Army & Navy Stores
- Type: Private
- Industry: Department store
- Founded: 1884
- Defunct: 1976
- Fate: Take-over by House of Fraser
- Successor: House of Fraser
- Headquarters: Victoria Street, London, UK
- Subsidiaries: William Harvey of Guildford Ltd. Harveys of Camberley Army & Navy Stores (Bromley) Ltd. Genge & Company Ltd. Thomas White & Company Ltd. J. D. Morant Ltd. Thomas Clarkson & Sons Ltd. Burgis & Colbourne Ltd. Artillery Mansions Ltd.

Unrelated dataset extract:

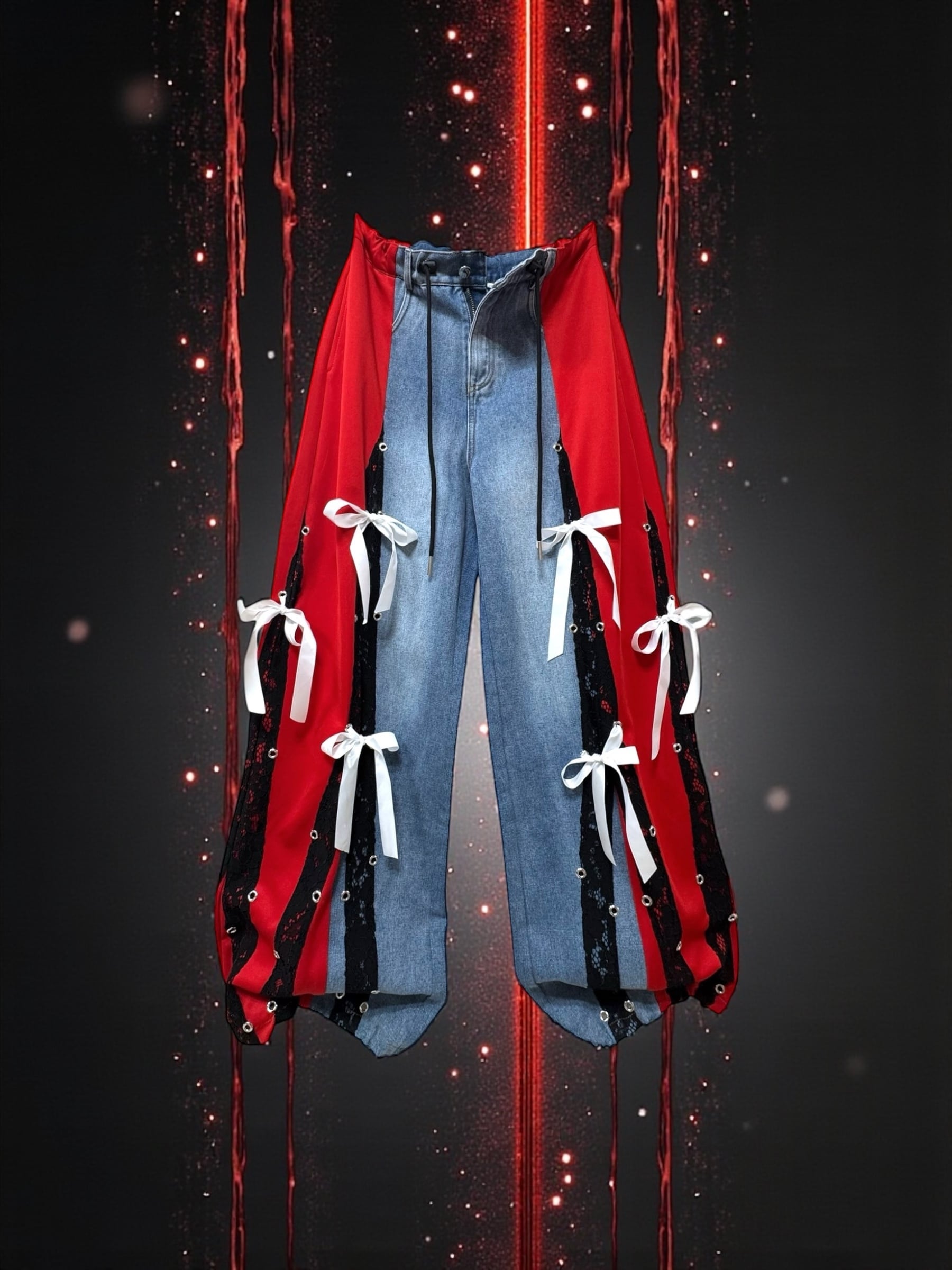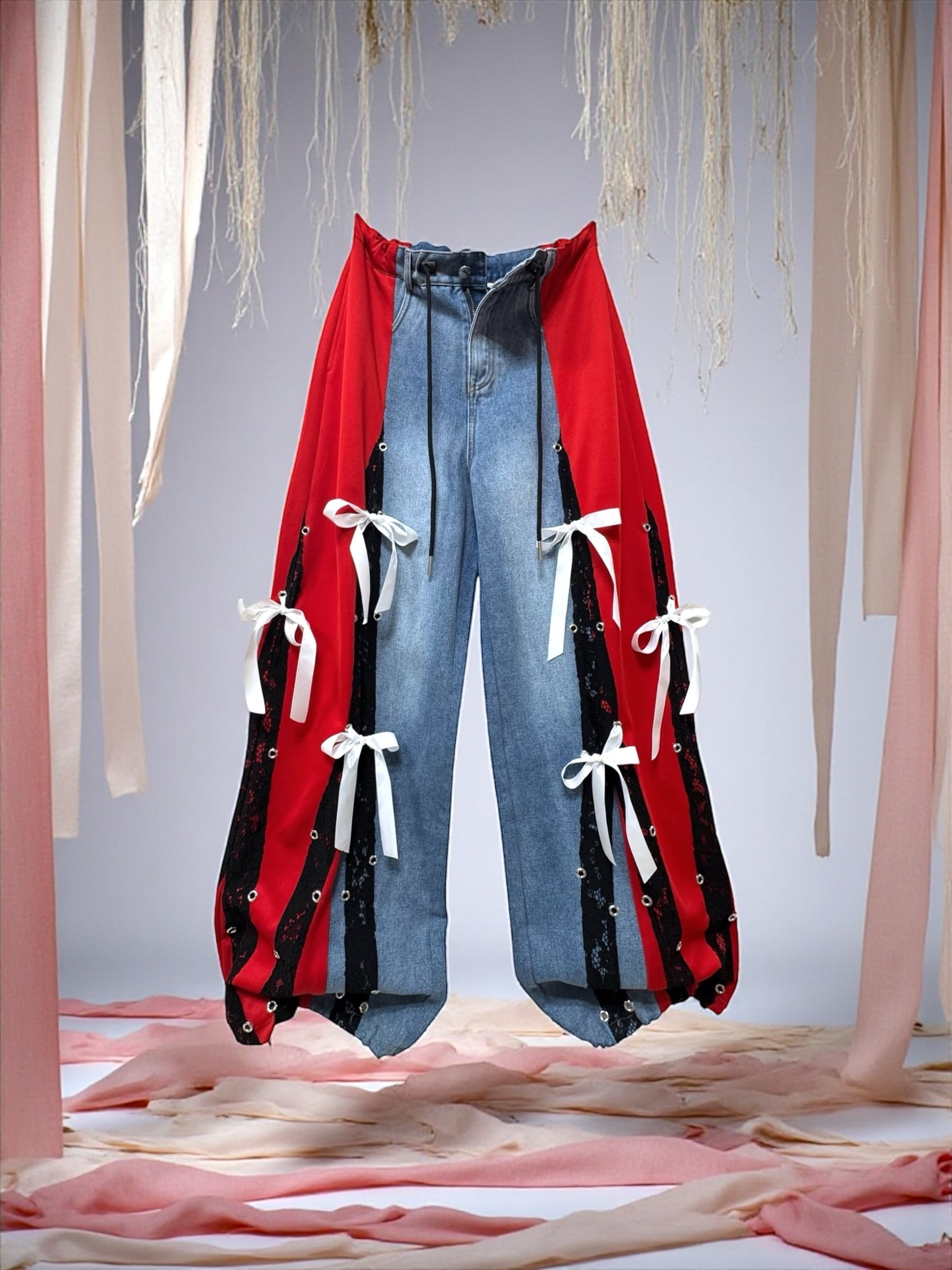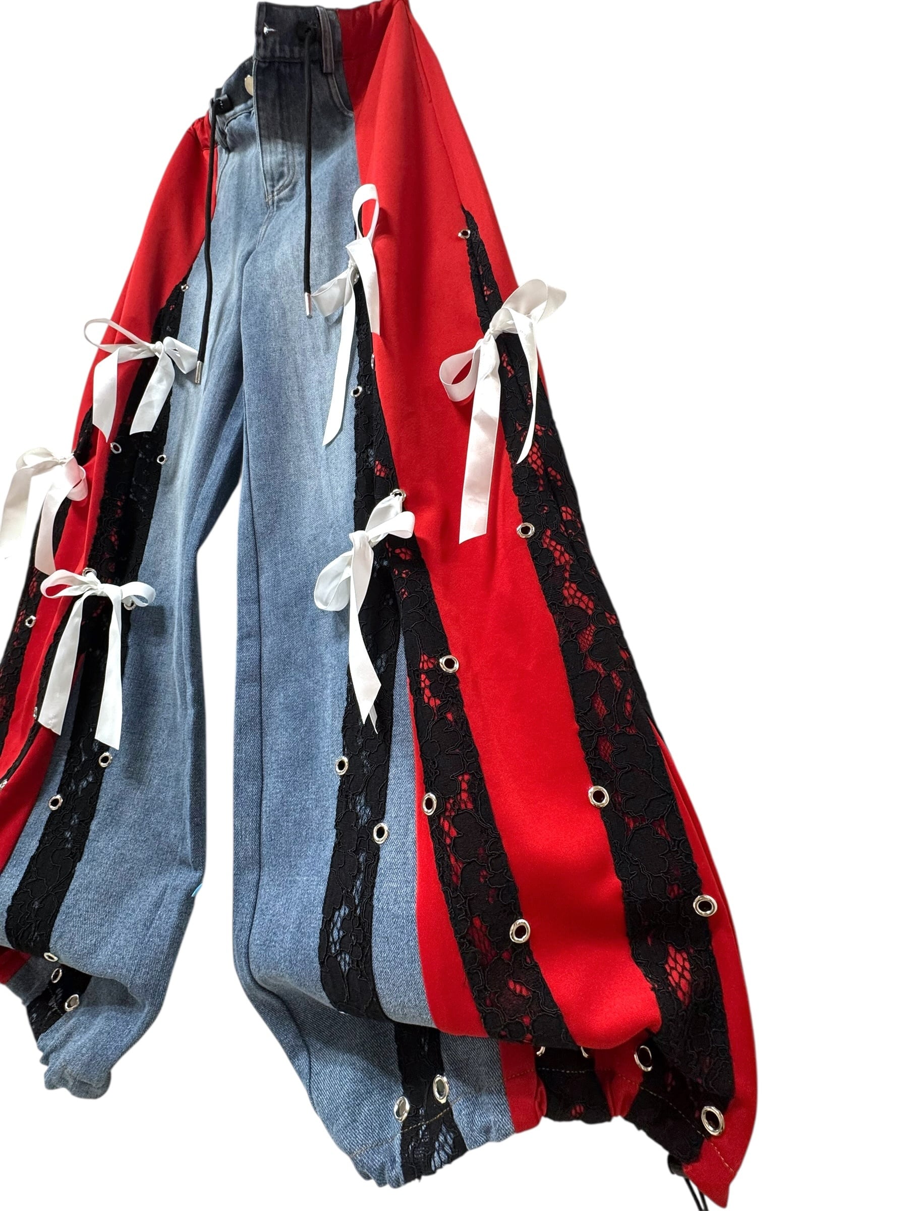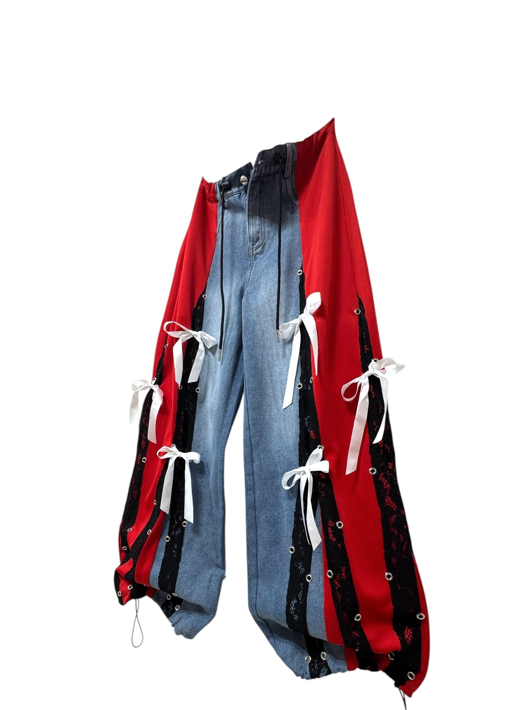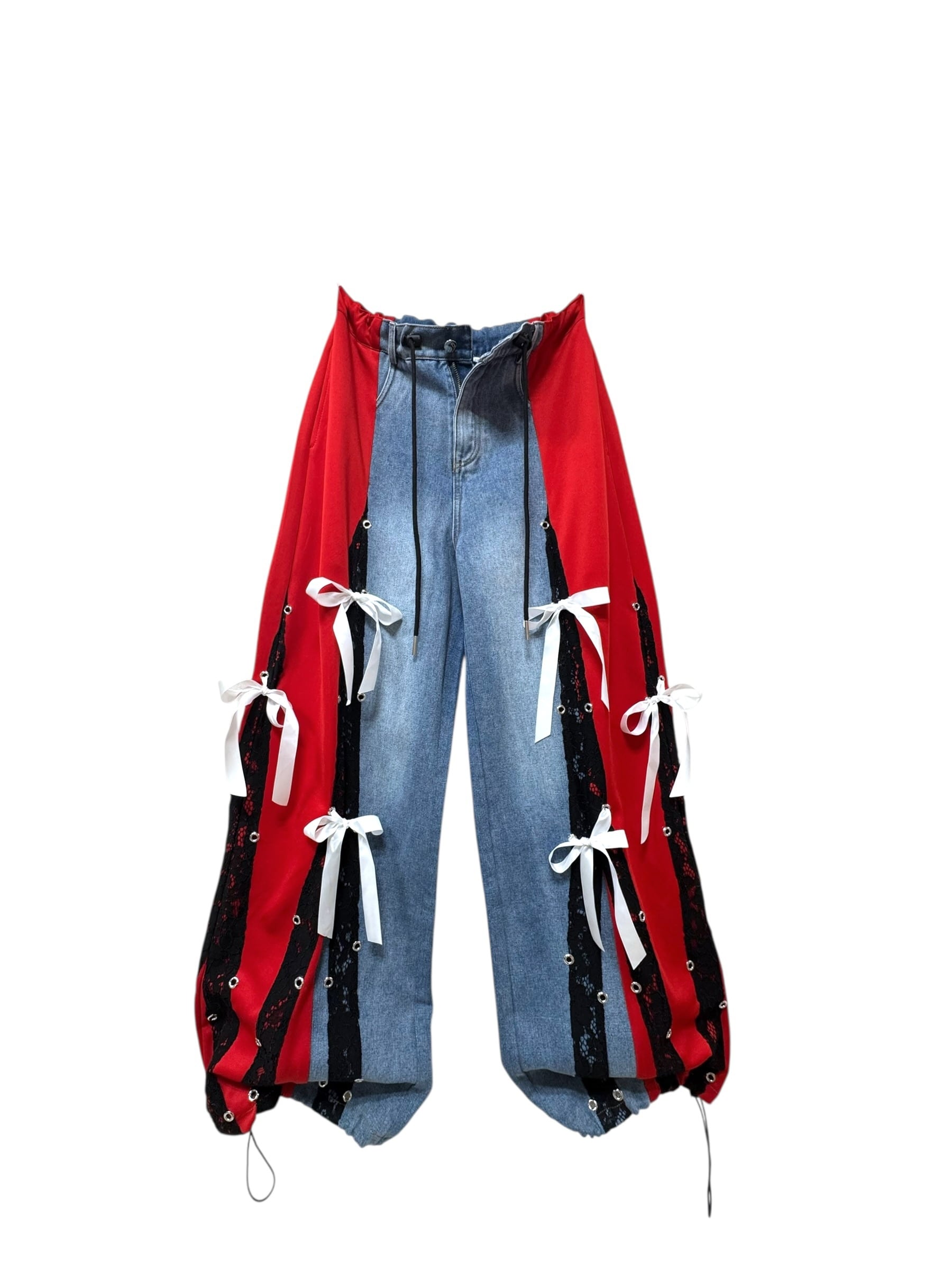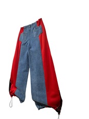 デニム切り替えワイドパンツ

= Army & Navy Stores (United Kingdom) =

Former department store group in the UK

Army & Navy Stores was a department store group in the United Kingdom, which originated as a co-operative society for military officers and their families during the nineteenth century. The society became a limited liability company in the 1930s and purchased multiple independent department stores during the 1950s and 1960s. In 1973, the Army and Navy Stores group was acquired by House of Fraser. In 2005, the remaining Army & Navy stores (the flagship store on Victoria Street in London and stores in Camberley and Chichester) were refurbished and re-branded under the House of Fraser nameplate. House of Fraser itself was acquired by Icelandic investment company, Baugur Group, in late 2006, and then by Sports Direct in August 2018.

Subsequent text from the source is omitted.